As Potential Liver-Brain Axis Targets for Alzheimer’s Disease and Aging, with Strong Sensitivity to Sex, Isolation, and Obesity, Hepatic Oxi-Inflammation and Neophobia Research on Alzheimer’s disease (AD) has traditionally focused on the changes that take place in the brain and the intra- and extracellular neuropathological hallmarks that go along with them.
However, the oxi-inflammation hypothesis of aging may also play a role in neuroimmunoendocrine dysregulation and the pathophysiology of the disease. Due to its role in regulating metabolism and supporting the immune system, the liver emerges as a target organ in this hypothesis. Hepatocellular oxidative stress (decreased glutathione peroxidase and increased glutathione reductase enzymatic activities) and inflammation (increased IL-6 and TNF) are characterized as hallmarks of hepatic dysfunction in 16-month-old male and female 3xTg-AD mice at advanced stages of the disease in comparison to age- and sex-matched non-transgenic (NTg) counterparts in the current study.
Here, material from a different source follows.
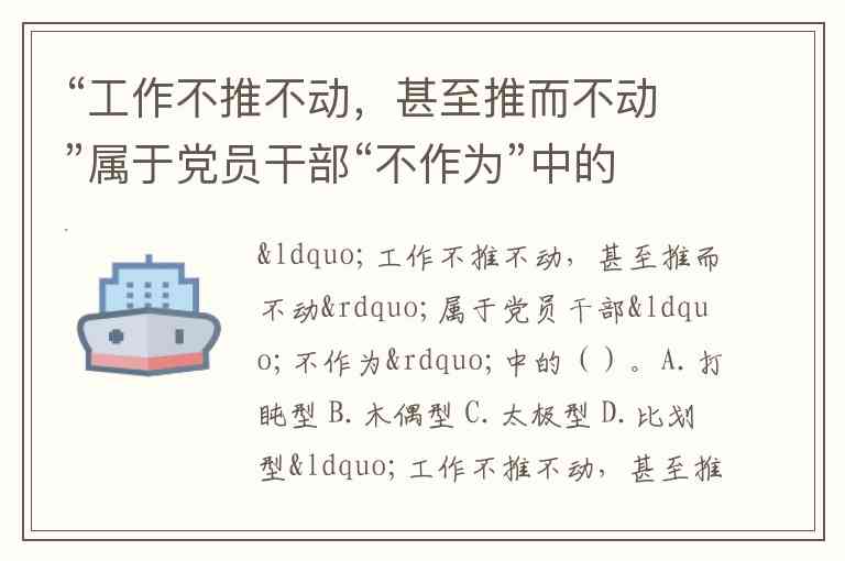 “工作不推不动,甚至推而不动”属于党员干部“不作为”中的()。A.打盹型 B.木偶型 C.太极型 D.比划型
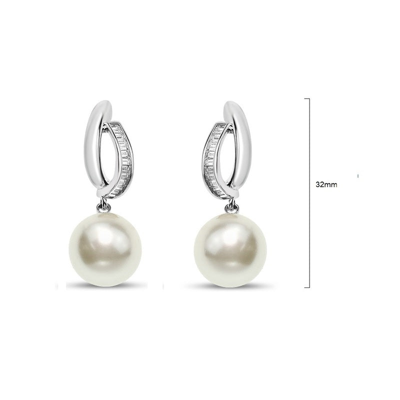 Metal set with CZ stones and dropped with pearl pierced Earrings in rhodium

In addition, behavioral (increased neophobia) and HPA axis correlations that were enhanced under forced isolation revealed alterations in the liver–brain axis.
Sex (male) and natural or forced isolation were all associated with worse hepatomegaly, oxidative stress, and inflammation progression in all cases. Additionally, older male NTg mice with obesity had a higher steatosis grade.
More research is being done to see if these changes could be linked to a worse prognosis for the disease and to identify integrative system targets for AD research.